### What the task asks
Repeat only the lines below that run from the line with "وأكد المحافظ الذي" to the line with "vendu 590€ |", ends included; skip every picture.

### Records to use
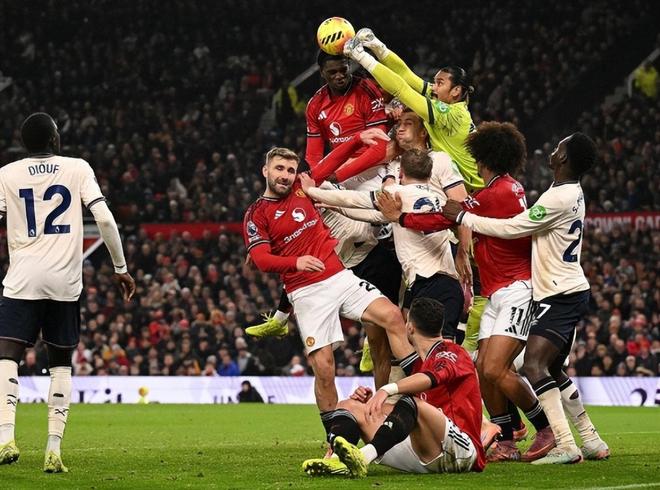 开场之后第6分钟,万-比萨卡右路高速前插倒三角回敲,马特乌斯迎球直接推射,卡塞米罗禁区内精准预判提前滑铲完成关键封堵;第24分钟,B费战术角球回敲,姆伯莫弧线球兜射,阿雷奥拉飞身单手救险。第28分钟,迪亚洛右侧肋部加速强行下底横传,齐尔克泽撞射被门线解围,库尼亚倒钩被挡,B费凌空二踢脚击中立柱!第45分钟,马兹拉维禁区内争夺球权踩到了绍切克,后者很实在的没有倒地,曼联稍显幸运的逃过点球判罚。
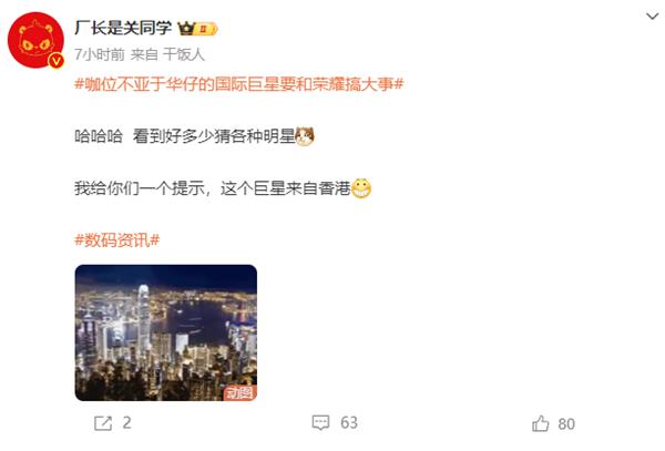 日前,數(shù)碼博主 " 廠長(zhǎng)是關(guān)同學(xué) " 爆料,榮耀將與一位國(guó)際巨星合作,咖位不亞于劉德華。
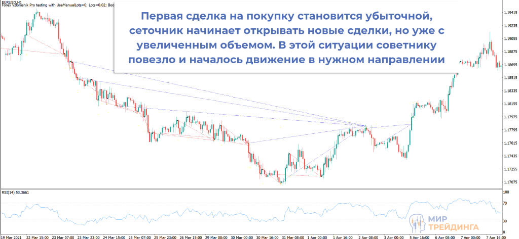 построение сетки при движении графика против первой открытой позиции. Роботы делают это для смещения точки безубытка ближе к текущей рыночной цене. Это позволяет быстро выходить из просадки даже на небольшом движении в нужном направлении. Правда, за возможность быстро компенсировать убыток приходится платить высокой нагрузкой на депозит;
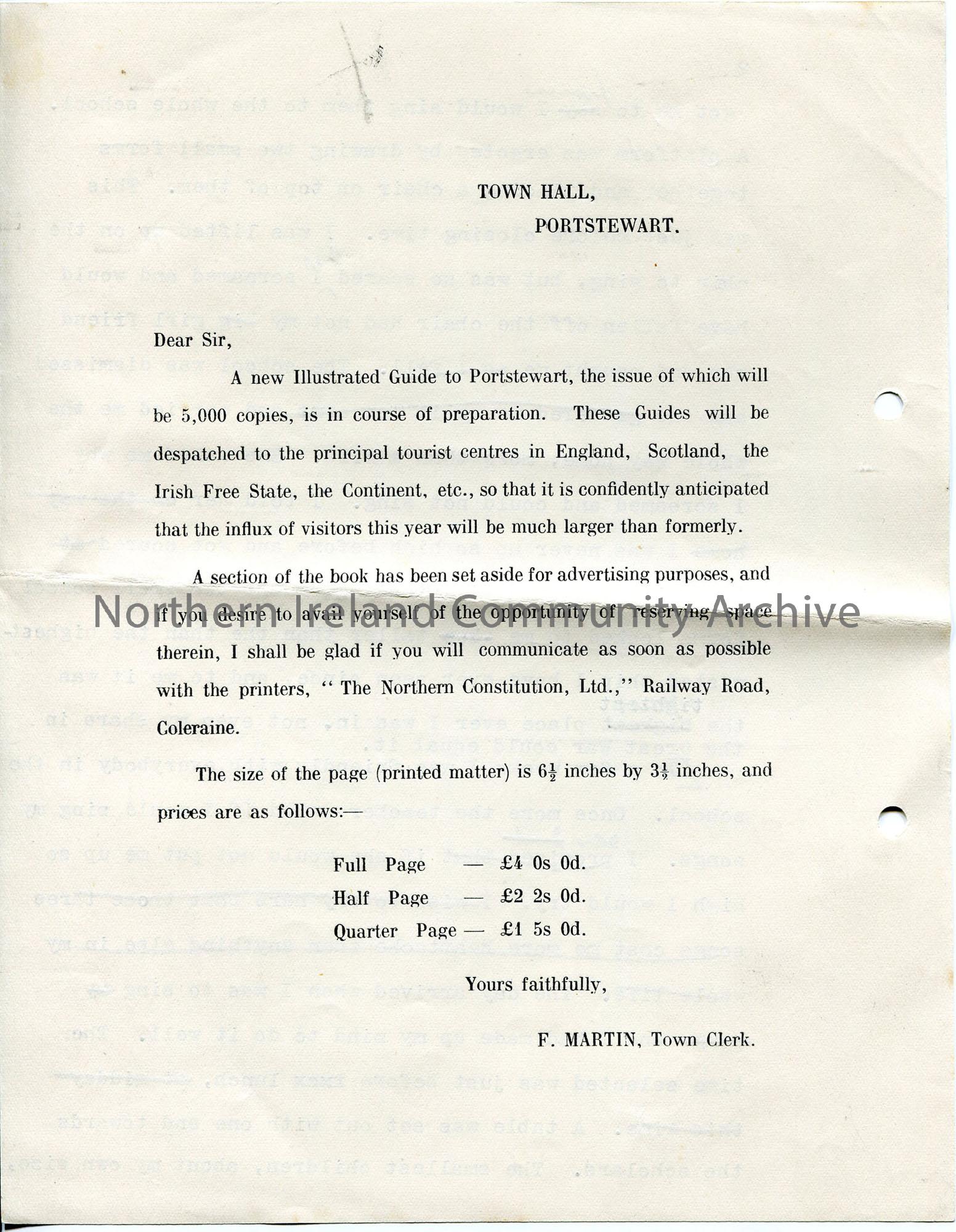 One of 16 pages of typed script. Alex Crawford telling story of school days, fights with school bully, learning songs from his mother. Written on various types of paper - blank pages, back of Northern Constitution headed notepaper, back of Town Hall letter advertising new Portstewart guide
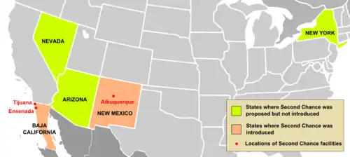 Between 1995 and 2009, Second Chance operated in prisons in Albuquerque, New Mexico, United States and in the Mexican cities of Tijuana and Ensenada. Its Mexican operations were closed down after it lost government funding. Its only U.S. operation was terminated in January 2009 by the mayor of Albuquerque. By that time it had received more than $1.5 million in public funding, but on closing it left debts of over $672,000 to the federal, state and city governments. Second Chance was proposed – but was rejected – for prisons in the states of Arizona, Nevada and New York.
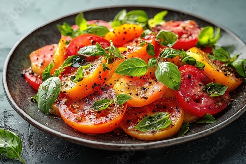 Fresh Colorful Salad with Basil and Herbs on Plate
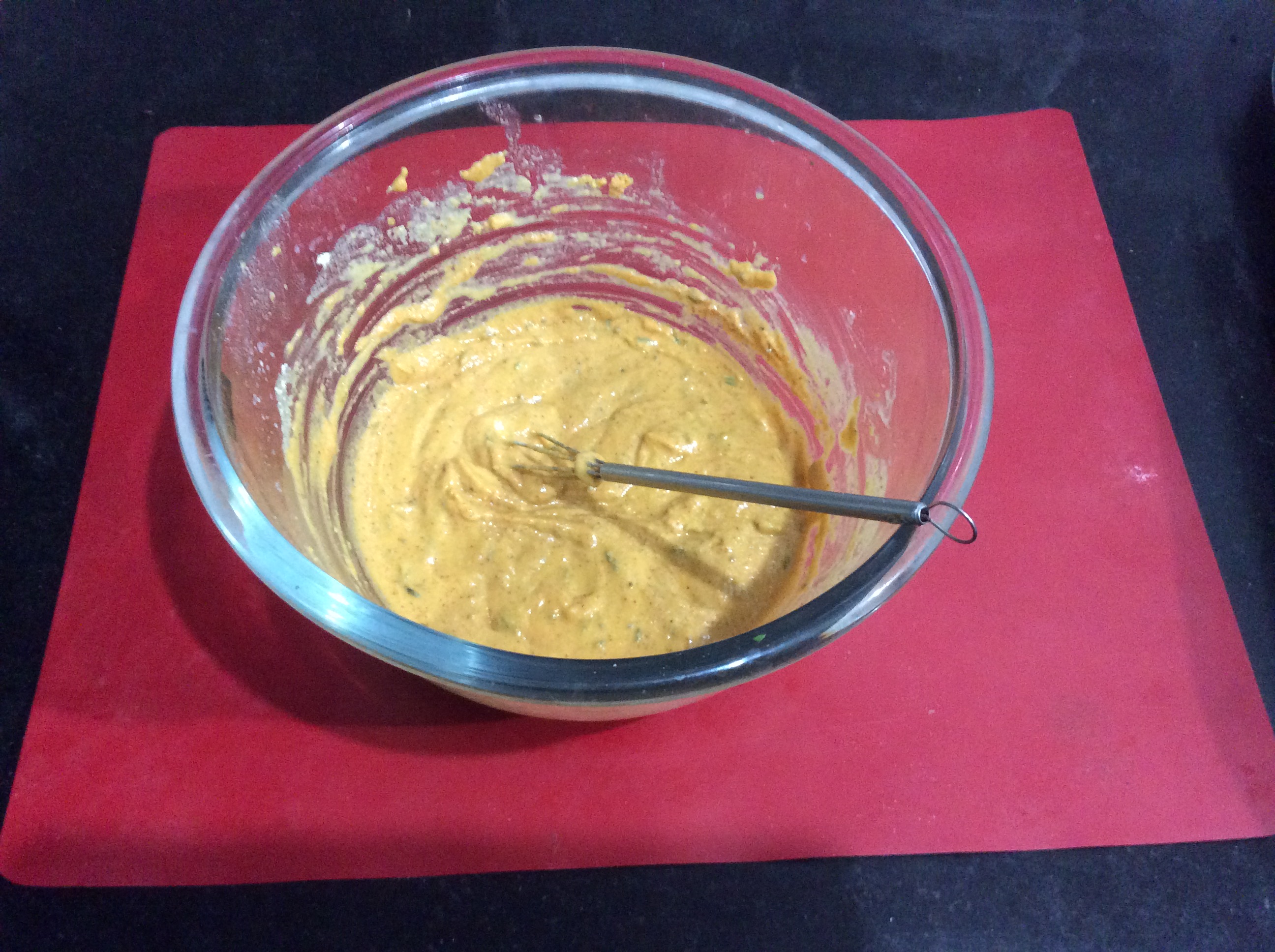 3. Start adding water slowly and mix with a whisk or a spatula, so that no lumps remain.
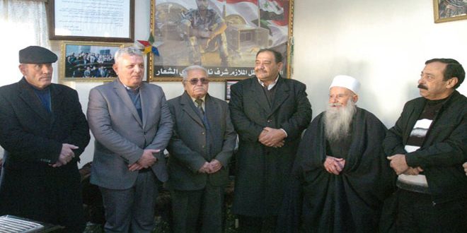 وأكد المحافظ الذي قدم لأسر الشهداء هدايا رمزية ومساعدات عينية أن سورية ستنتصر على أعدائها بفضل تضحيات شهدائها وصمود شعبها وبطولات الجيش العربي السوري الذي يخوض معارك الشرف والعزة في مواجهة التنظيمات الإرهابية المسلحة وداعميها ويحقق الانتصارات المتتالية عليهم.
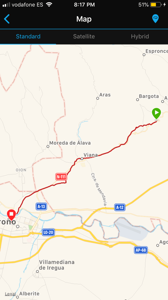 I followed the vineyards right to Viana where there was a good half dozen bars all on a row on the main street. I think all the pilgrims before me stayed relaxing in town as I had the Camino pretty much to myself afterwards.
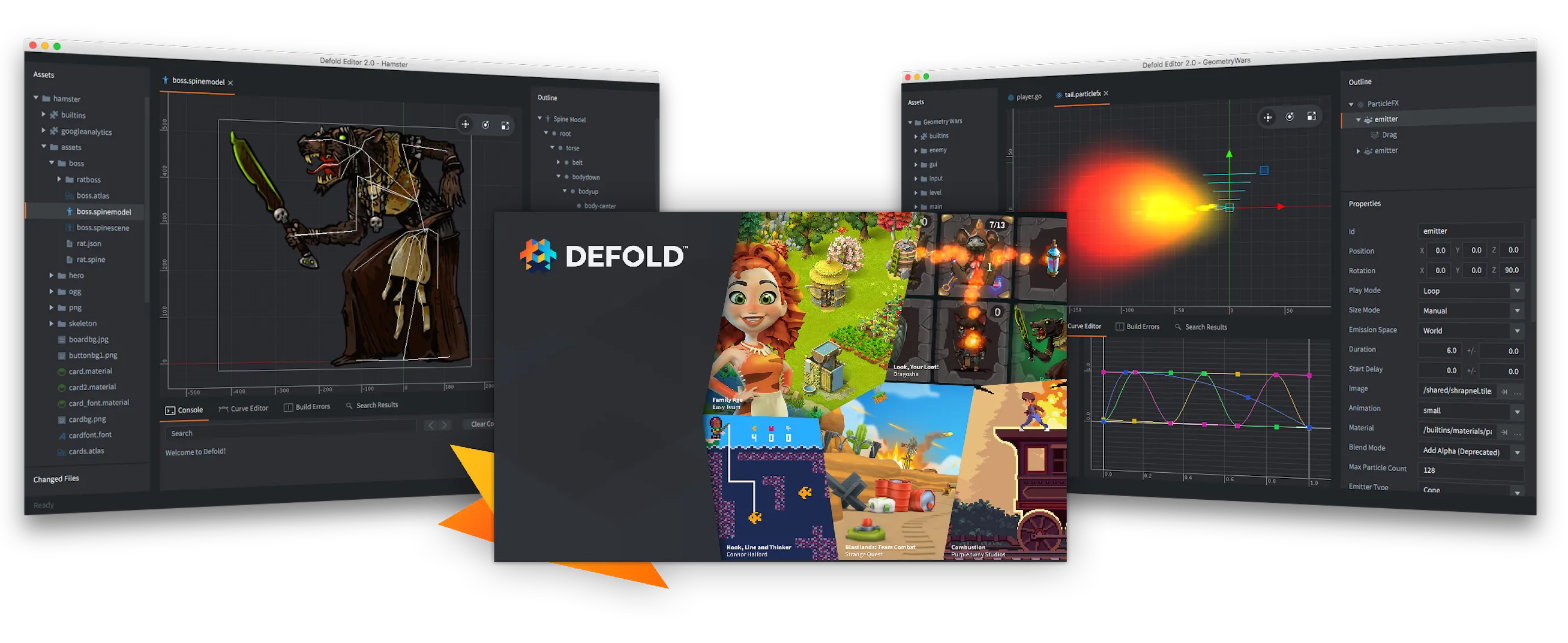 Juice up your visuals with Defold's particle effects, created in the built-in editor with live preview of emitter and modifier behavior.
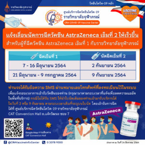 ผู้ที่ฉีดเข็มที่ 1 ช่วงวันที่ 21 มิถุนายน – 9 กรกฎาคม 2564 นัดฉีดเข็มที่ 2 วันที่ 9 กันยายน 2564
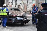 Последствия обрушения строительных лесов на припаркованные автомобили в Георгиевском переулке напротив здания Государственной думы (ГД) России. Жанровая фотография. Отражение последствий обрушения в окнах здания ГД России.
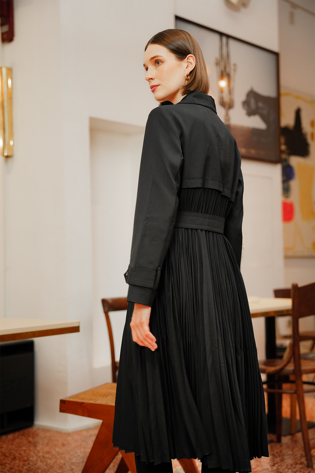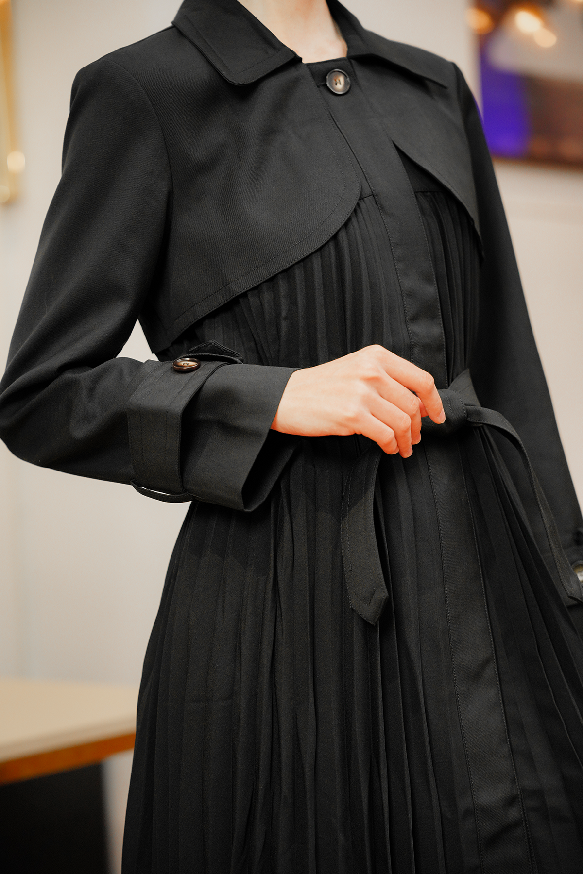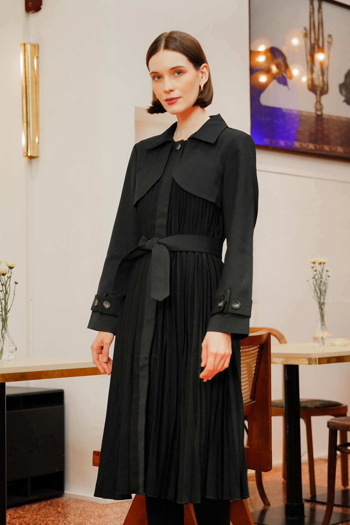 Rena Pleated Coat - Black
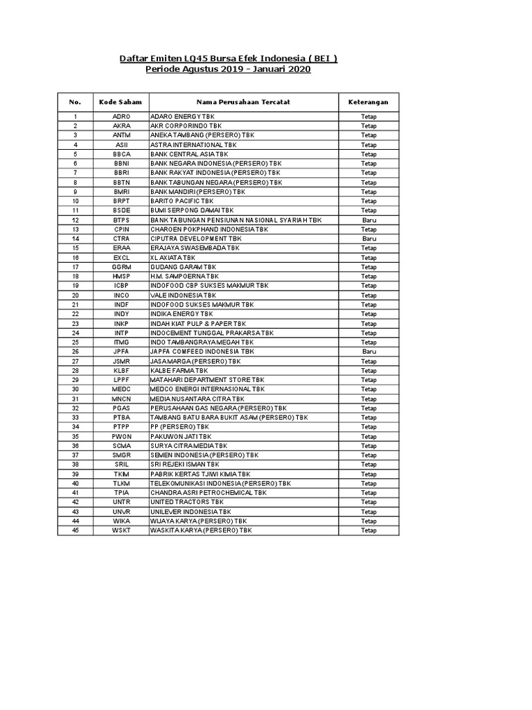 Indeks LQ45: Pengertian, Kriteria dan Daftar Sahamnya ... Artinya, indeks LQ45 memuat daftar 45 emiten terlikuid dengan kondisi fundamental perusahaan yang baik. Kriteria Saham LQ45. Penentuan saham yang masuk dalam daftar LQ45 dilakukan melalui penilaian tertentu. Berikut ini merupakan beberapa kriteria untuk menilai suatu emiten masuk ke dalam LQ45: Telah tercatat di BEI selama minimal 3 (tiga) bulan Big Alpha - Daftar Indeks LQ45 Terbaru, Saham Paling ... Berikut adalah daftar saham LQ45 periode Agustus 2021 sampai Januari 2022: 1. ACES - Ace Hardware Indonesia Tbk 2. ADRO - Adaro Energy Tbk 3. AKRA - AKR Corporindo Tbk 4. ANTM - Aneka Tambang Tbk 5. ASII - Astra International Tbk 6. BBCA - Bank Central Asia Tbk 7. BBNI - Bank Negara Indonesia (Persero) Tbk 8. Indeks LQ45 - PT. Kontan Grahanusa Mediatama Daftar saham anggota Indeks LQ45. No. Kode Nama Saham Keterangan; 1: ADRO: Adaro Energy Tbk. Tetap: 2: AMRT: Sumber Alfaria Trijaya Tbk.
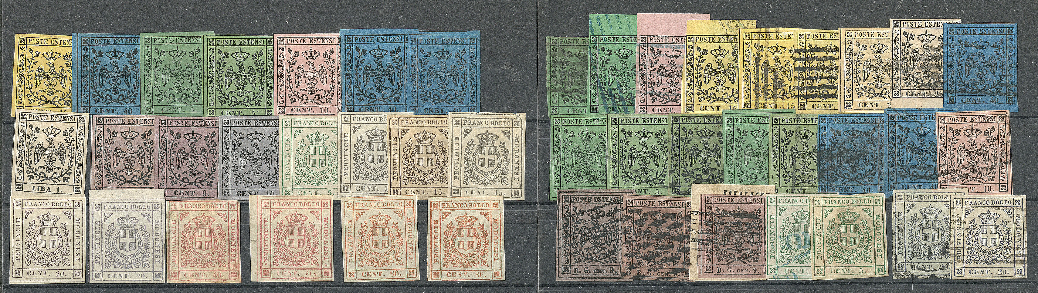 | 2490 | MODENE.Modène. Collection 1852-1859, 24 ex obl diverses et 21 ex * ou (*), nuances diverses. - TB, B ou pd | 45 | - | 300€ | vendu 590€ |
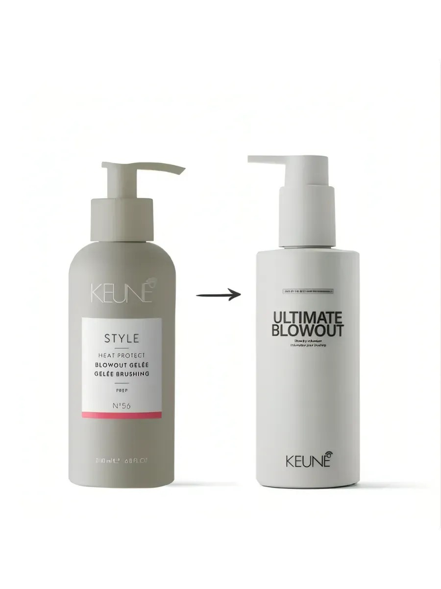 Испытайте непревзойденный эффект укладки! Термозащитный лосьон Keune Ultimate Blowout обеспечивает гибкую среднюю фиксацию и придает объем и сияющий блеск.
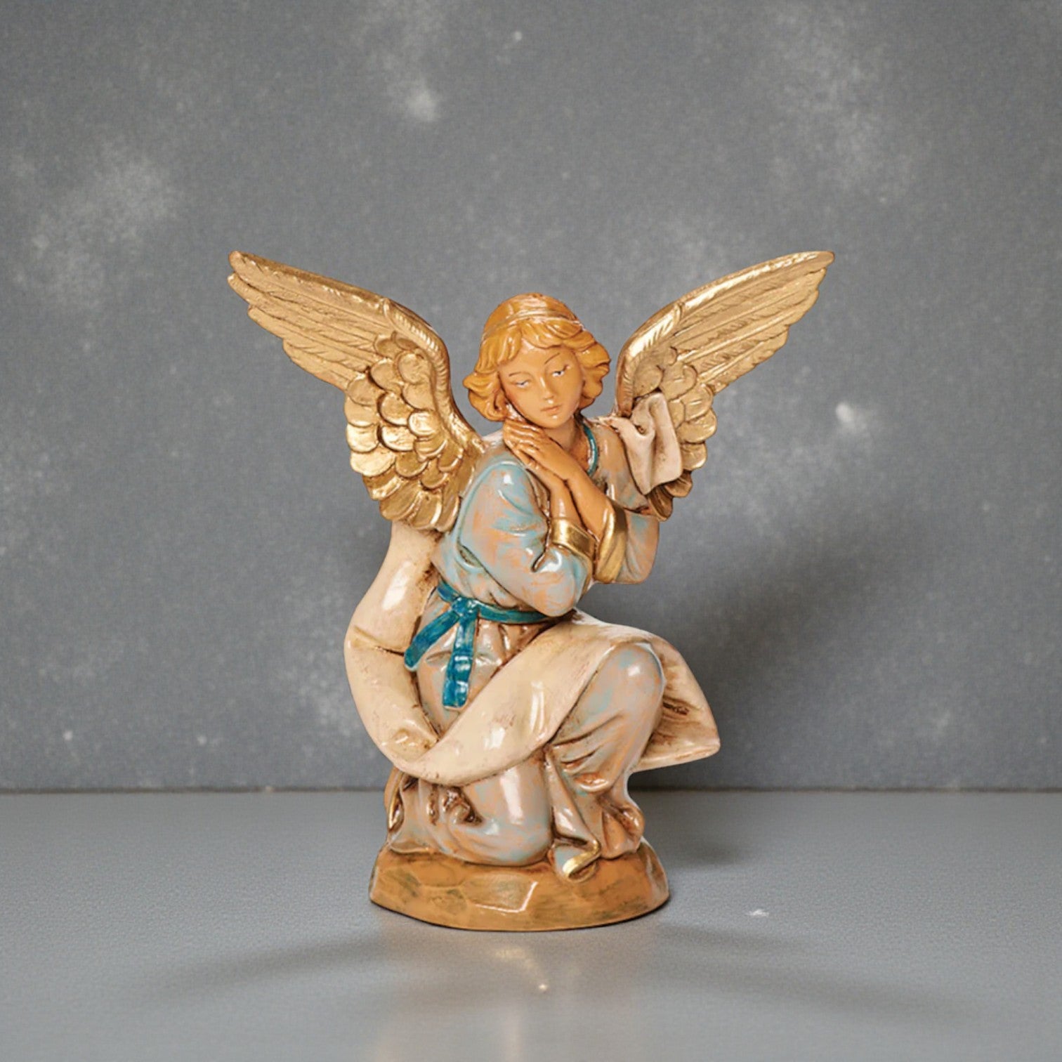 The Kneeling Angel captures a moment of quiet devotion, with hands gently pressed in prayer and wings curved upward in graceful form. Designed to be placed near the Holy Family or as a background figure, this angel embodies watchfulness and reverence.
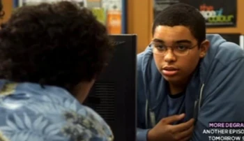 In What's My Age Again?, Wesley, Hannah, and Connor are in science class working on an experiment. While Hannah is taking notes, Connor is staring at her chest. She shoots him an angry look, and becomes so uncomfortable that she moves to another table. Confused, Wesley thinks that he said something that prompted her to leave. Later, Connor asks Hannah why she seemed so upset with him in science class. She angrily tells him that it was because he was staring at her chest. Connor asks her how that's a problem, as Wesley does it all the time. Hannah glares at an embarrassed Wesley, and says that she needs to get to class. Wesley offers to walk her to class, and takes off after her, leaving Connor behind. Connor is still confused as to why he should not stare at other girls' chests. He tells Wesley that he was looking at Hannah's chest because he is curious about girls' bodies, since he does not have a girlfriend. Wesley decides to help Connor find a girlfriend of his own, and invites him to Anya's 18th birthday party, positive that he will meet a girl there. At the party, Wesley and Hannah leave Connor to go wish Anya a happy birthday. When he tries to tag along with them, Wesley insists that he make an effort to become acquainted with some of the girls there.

### Response to the exercise
 وأكد المحافظ الذي قدم لأسر الشهداء هدايا رمزية ومساعدات عينية أن سورية ستنتصر على أعدائها بفضل تضحيات شهدائها وصمود شعبها وبطولات الجيش العربي السوري الذي يخوض معارك الشرف والعزة في مواجهة التنظيمات الإرهابية المسلحة وداعميها ويحقق الانتصارات المتتالية عليهم.
 I followed the vineyards right to Viana where there was a good half dozen bars all on a row on the main street. I think all the pilgrims before me stayed relaxing in town as I had the Camino pretty much to myself afterwards.
 Juice up your visuals with Defold's particle effects, created in the built-in editor with live preview of emitter and modifier behavior.
 ผู้ที่ฉีดเข็มที่ 1 ช่วงวันที่ 21 มิถุนายน – 9 กรกฎาคม 2564 นัดฉีดเข็มที่ 2 วันที่ 9 กันยายน 2564
 Последствия обрушения строительных лесов на припаркованные автомобили в Георгиевском переулке напротив здания Государственной думы (ГД) России. Жанровая фотография. Отражение последствий обрушения в окнах здания ГД России.
 Rena Pleated Coat - Black
 Indeks LQ45: Pengertian, Kriteria dan Daftar Sahamnya ... Artinya, indeks LQ45 memuat daftar 45 emiten terlikuid dengan kondisi fundamental perusahaan yang baik. Kriteria Saham LQ45. Penentuan saham yang masuk dalam daftar LQ45 dilakukan melalui penilaian tertentu. Berikut ini merupakan beberapa kriteria untuk menilai suatu emiten masuk ke dalam LQ45: Telah tercatat di BEI selama minimal 3 (tiga) bulan Big Alpha - Daftar Indeks LQ45 Terbaru, Saham Paling ... Berikut adalah daftar saham LQ45 periode Agustus 2021 sampai Januari 2022: 1. ACES - Ace Hardware Indonesia Tbk 2. ADRO - Adaro Energy Tbk 3. AKRA - AKR Corporindo Tbk 4. ANTM - Aneka Tambang Tbk 5. ASII - Astra International Tbk 6. BBCA - Bank Central Asia Tbk 7. BBNI - Bank Negara Indonesia (Persero) Tbk 8. Indeks LQ45 - PT. Kontan Grahanusa Mediatama Daftar saham anggota Indeks LQ45. No. Kode Nama Saham Keterangan; 1: ADRO: Adaro Energy Tbk. Tetap: 2: AMRT: Sumber Alfaria Trijaya Tbk.
 | 2490 | MODENE.Modène. Collection 1852-1859, 24 ex obl diverses et 21 ex * ou (*), nuances diverses. - TB, B ou pd | 45 | - | 300€ | vendu 590€ |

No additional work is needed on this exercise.